Toward Fairness via Maximum Mean Discrepancy Regularization on Logits Space

TL;DR

This work tackles fairness in high-risk computer-vision tasks by addressing Equalized Odds through a logits-space regularizer. The authors introduce Logits-MMD, which minimizes the Maximum Mean Discrepancy between the logit distributions of different sensitive groups for each class, integrated with standard cross-entropy loss as $\min_{\Theta} L_{CE}(\Theta) + \lambda L_{MMD}(\Theta)$. They argue that prior logits-space methods (Gaussian Assumption and Histogram Approximation) impose distributional priors that misalign with EO, and demonstrate that MMD provides a principled, threshold-free alignment via RKHS with a Gaussian kernel. Empirically, Logits-MMD achieves state-of-the-art equalized odds performance on CelebA and UTK Face, and generalizes to bias scenarios in Dogs and Cats, confirming its robustness and practical impact for fair facial attribute classification. The approach offers a principled, scalable path to fair predictions without onerous distributional assumptions, with broad applicability to multi-attribute fairness in vision systems.

Abstract

Fairness has become increasingly pivotal in machine learning for high-risk applications such as machine learning in healthcare and facial recognition.

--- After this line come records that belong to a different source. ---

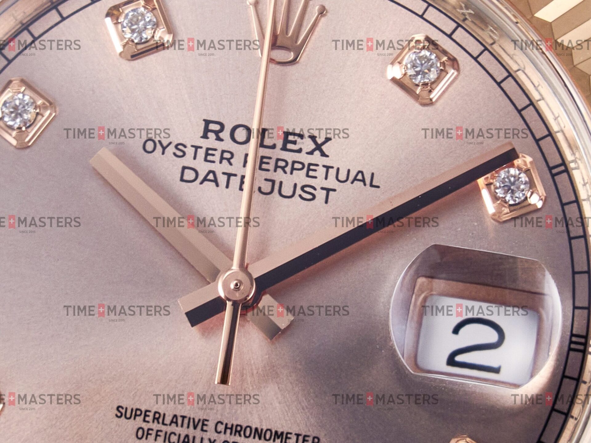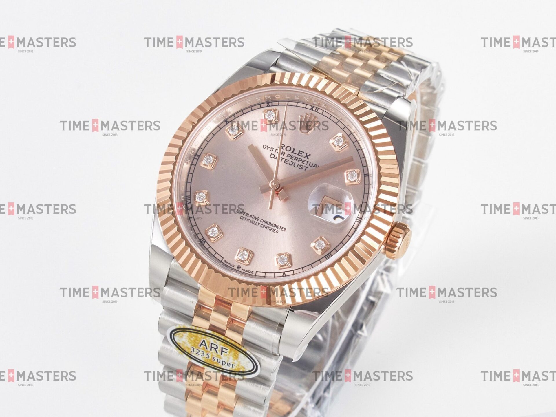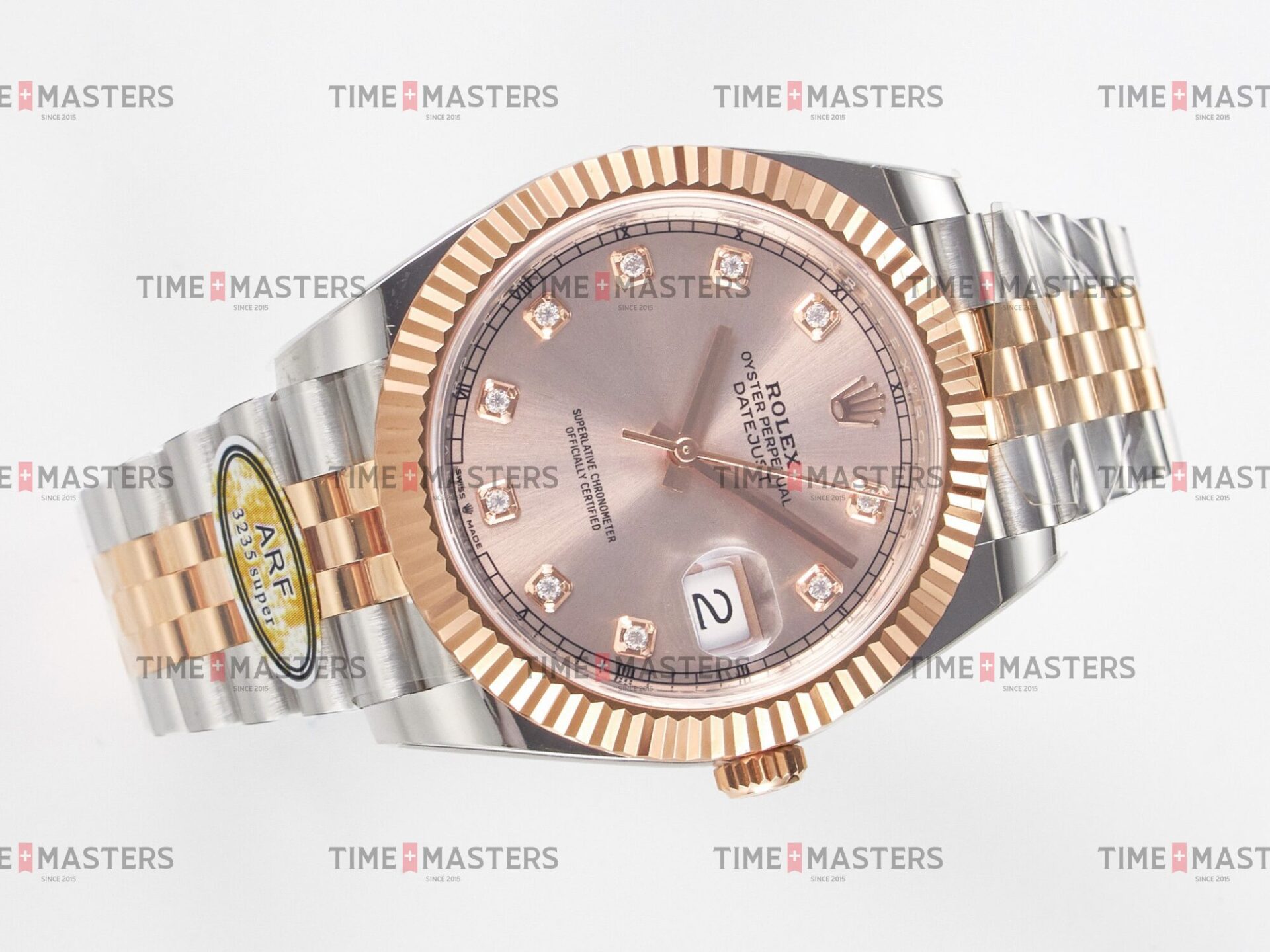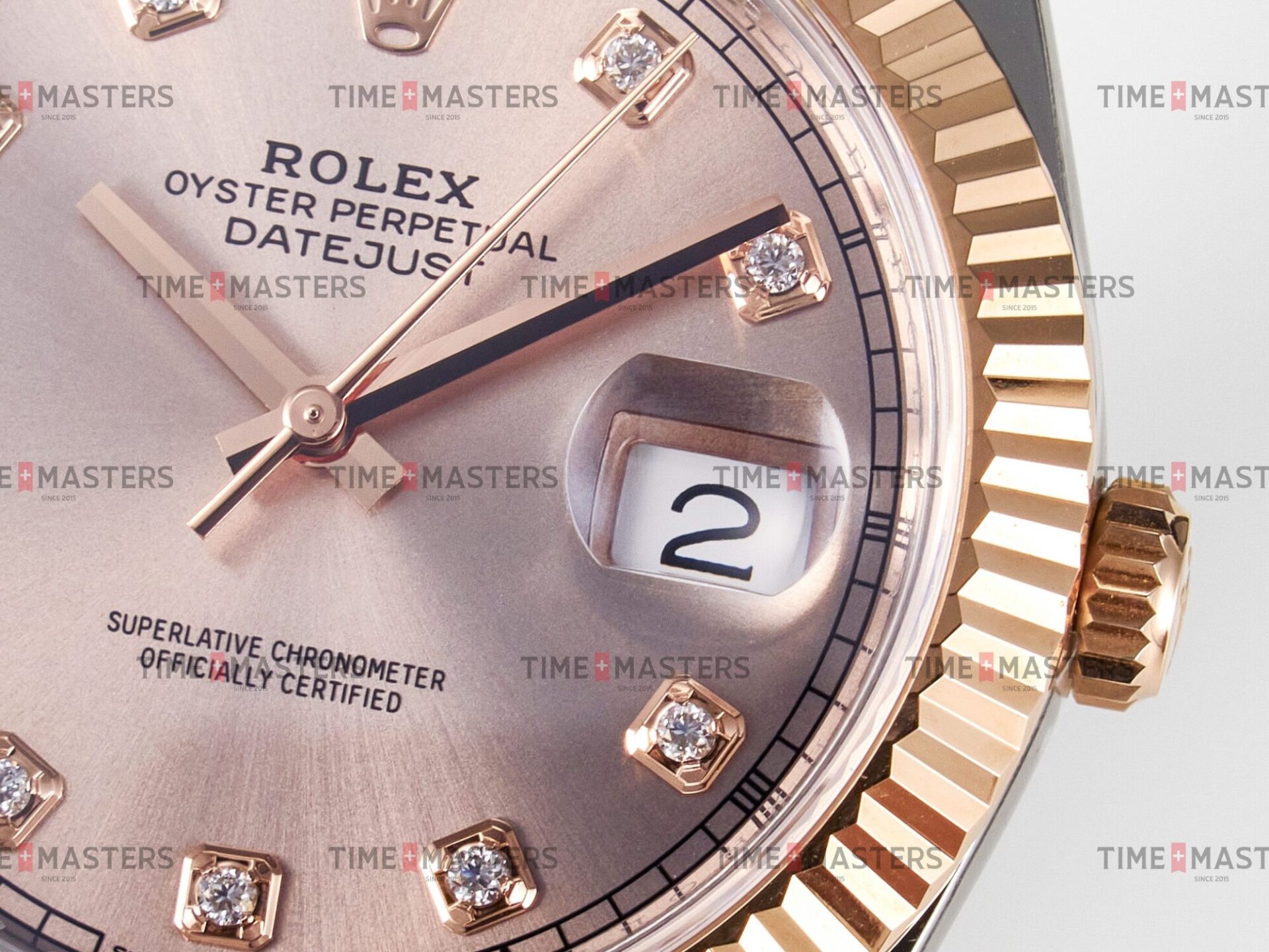 Rolex Datejust – 41 mm – טו טון רוז גולד רצועת ג'ובילי באזל משונן לוח סאנדסט יהלומים גימור קצה
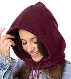 ( ilość produktów: 2623 )Komin z kapturem damski, kominiarka/kaptur zimowy wełniany, Ruanna, bordowy, 55-60 cm
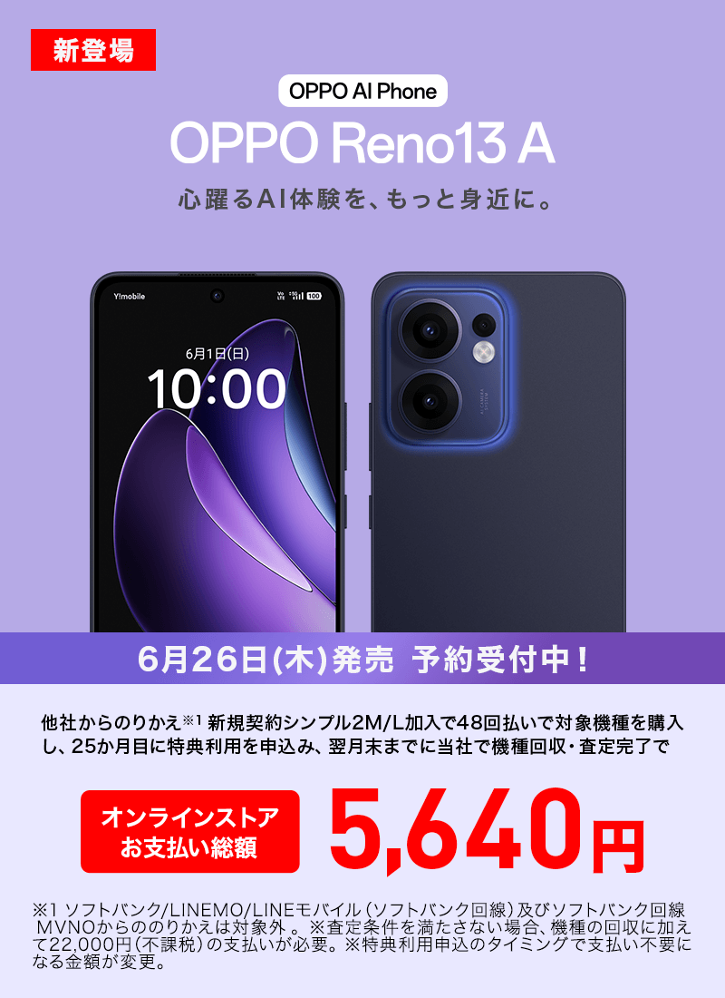 契約事務手数料(店頭:4,950円 オンライン:3,850円)がかかります。
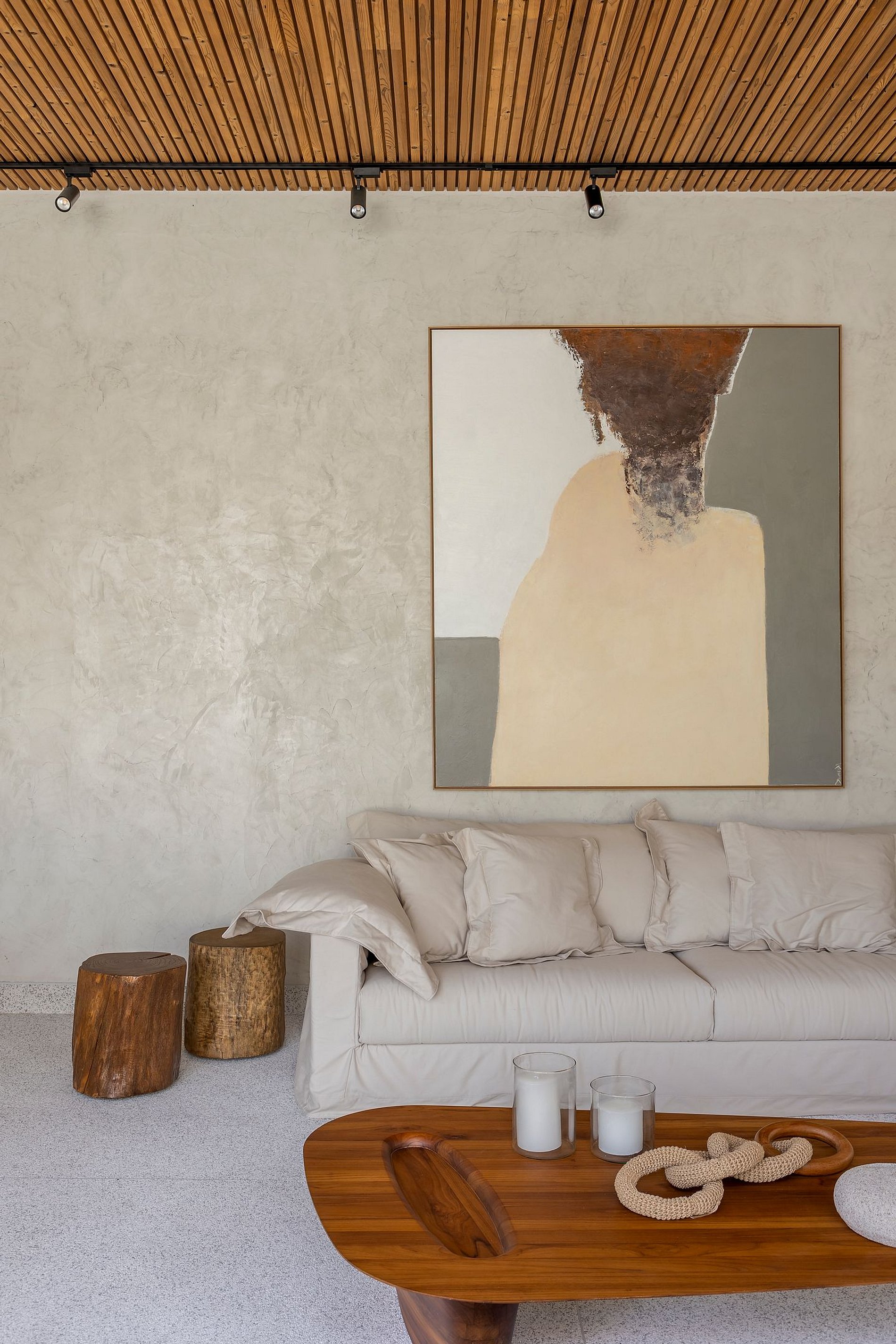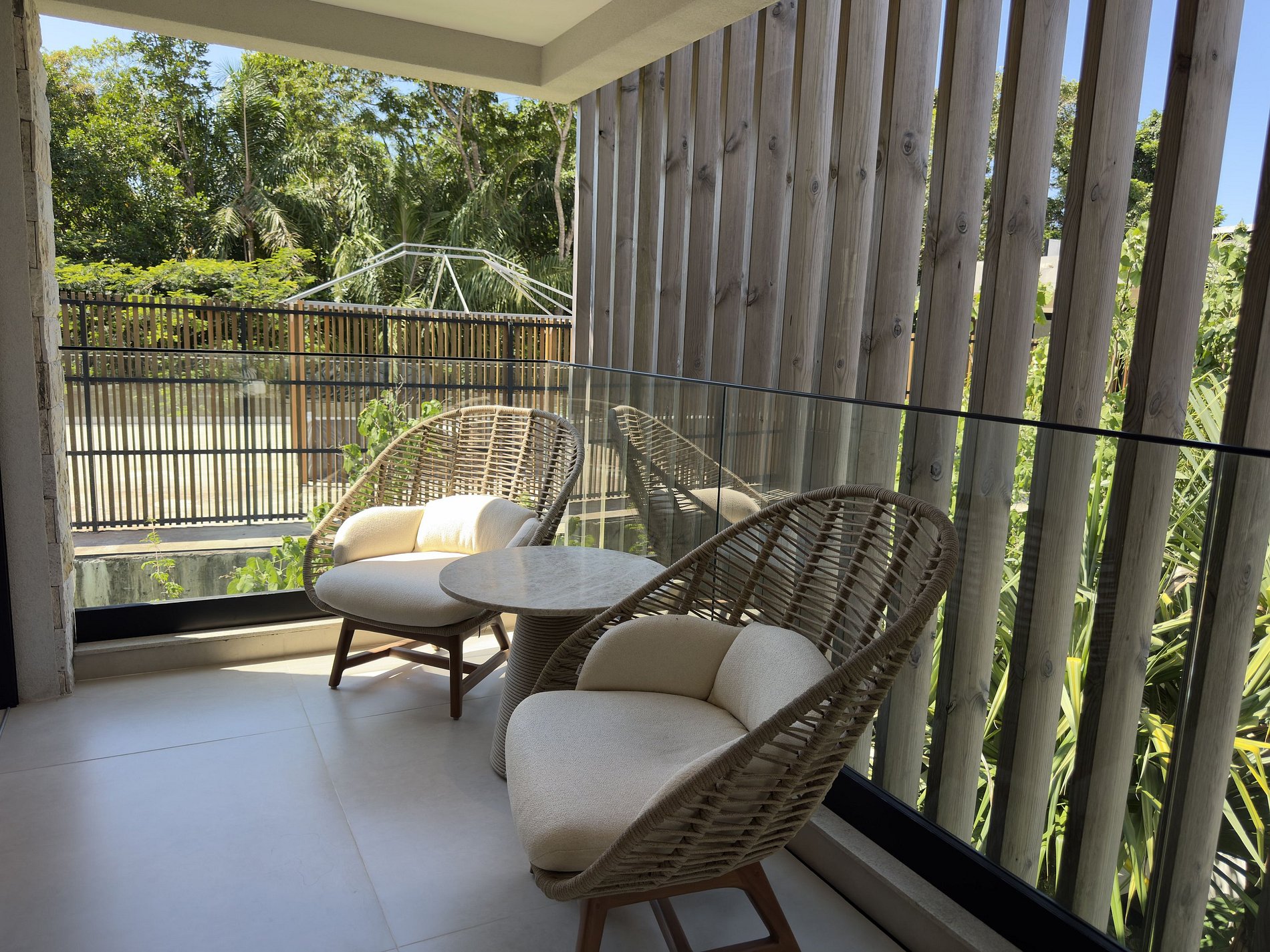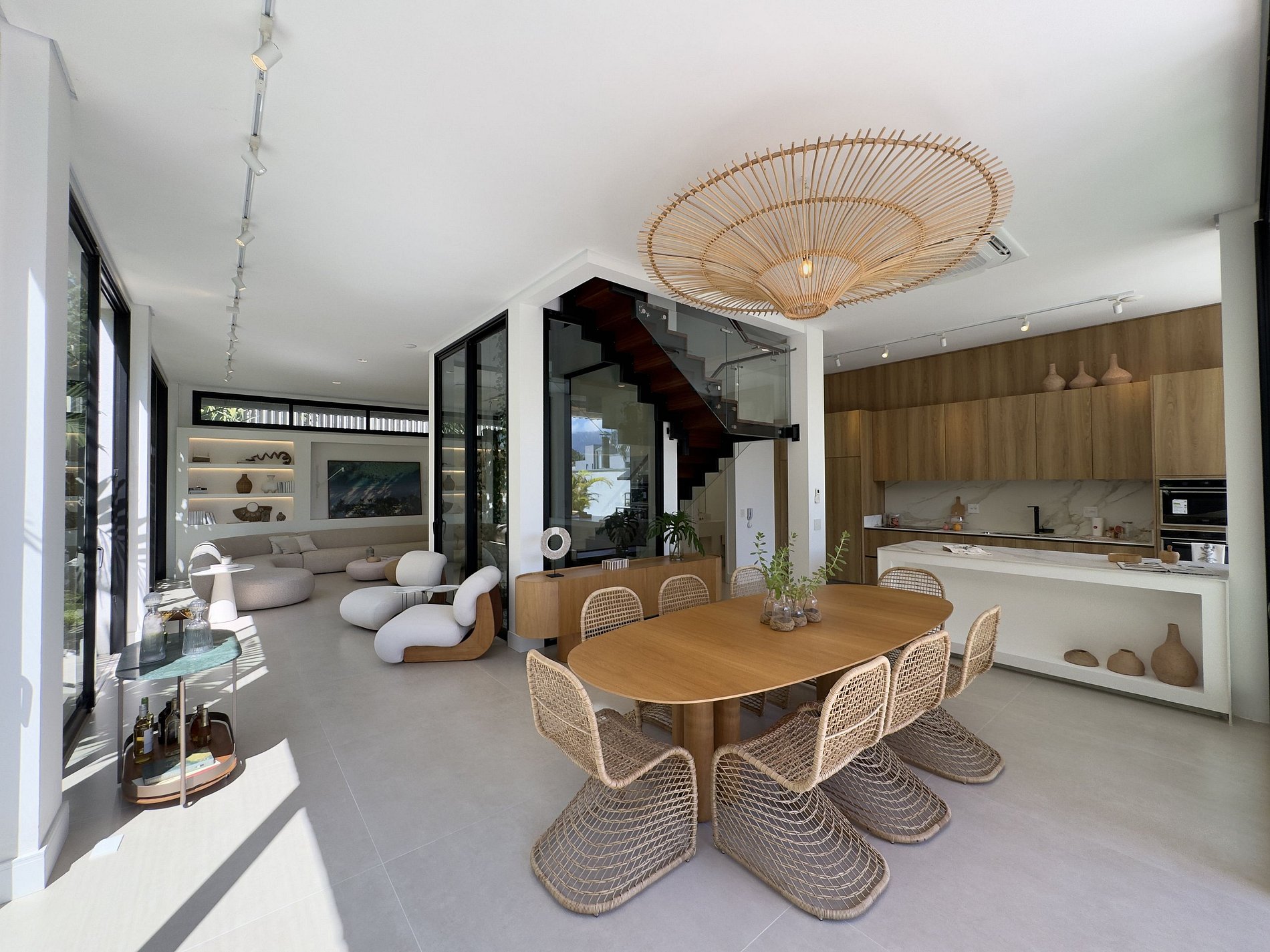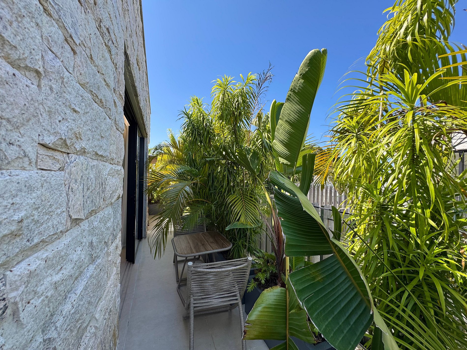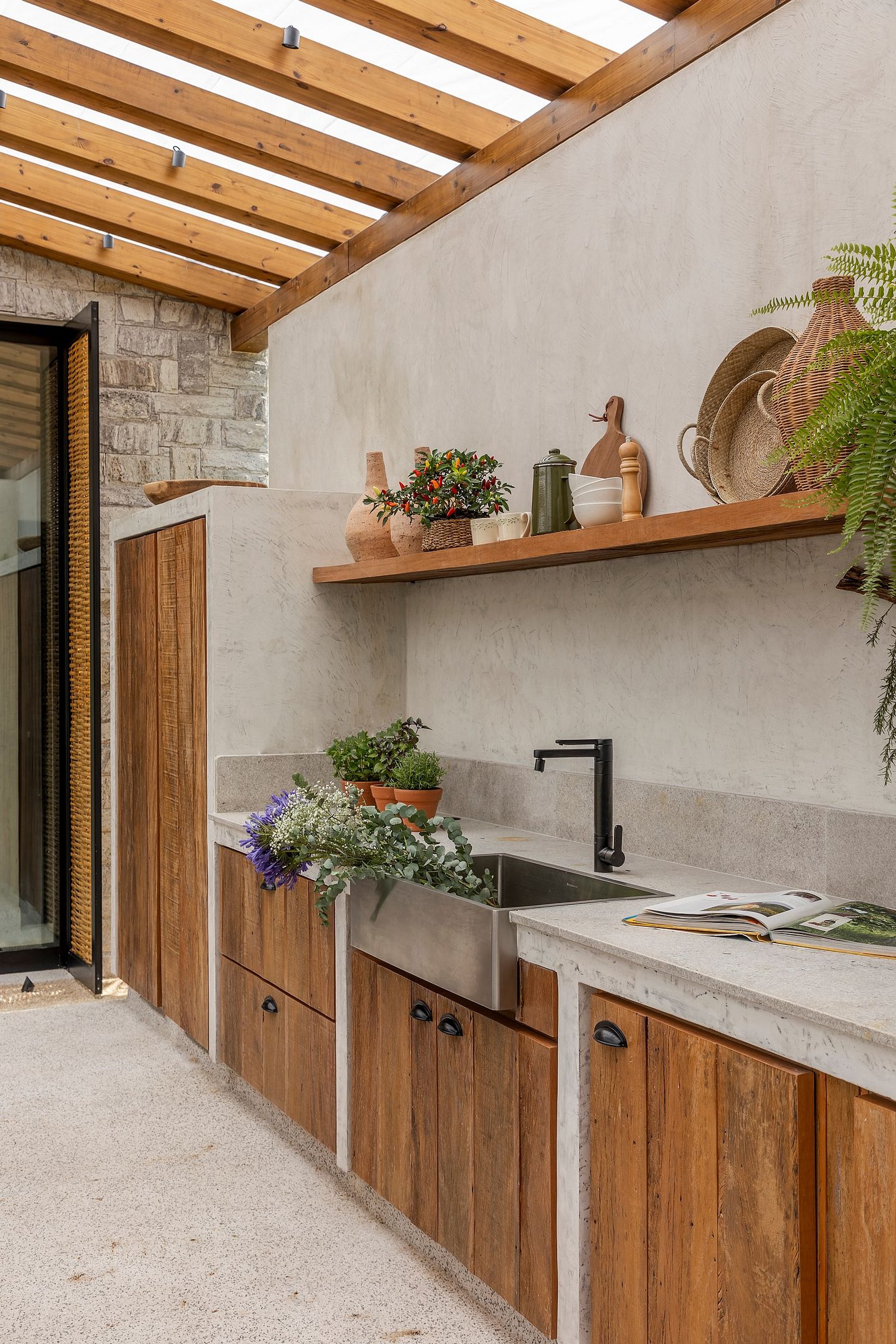 O paisagismo, assinado por Gil Fialho Paisagismo, BIU e Carla Oldemburg, apresenta um jardim sensorial com espécies que florescem em diferentes estações — um convite a apreciar a natureza o ano todo. O projeto inclui ainda árvores frutíferas e horta, pensado para proporcionar relaxamento em conexão com a natureza e a praia.

However, we see the deficiency in the previous logits space constraint methods. Therefore, we propose a novel framework, Logits-MMD, that achieves the fairness condition by imposing constraints on output logits with Maximum Mean Discrepancy. Moreover, quantitative analysis and experimental results show that our framework has a better property that outperforms previous methods and achieves state-of-the-art on two facial recognition datasets and one animal dataset. Finally, we show experimental results and demonstrate that our debias approach achieves the fairness condition effectively.

Figures (4)

• Figure 1: The Logits-MMD constraint pulls the logits distribution of different sensitive groups together i.e. A = 0 and A = 1. (a) is an example of logits distribution without Logits-MMD constraint. (b) is an example of imposing Logits-MMD constraint.
• Figure 2: The illustrative concept of Logits-MMD. $L_{MMD}$ minimizes the logits distribution discrepancy between each sensitive group for the same class and achieves fairness. $L_{CE}$ is the cross-entropy loss, which enforces the model in achieving high predictive accuracy
• Figure 3: The result of GA and MMD fitting a toy example of a multimodal distribution. MMD could fit well on the ground truth toy example, while GA cannot. The x-axis is the value of the data points from the toy example, and the y-axis is the density.
• Figure 4: The first row is the confidence score PDF with the ground truth as $Big \ Nose$ (B), and the second is the ground truth as $Not \ Big \ Nose$ (NB). From left to right are Logits-MMD, CNN, Gaussian Assumption (GA), and Histogram Approximation (HA), respectively."T" refers to the target attribute, and "S" to the sensitive attribute. The density estimation will smooth the curve at the max and min points, so there will be values that exceed 1 and less than 0.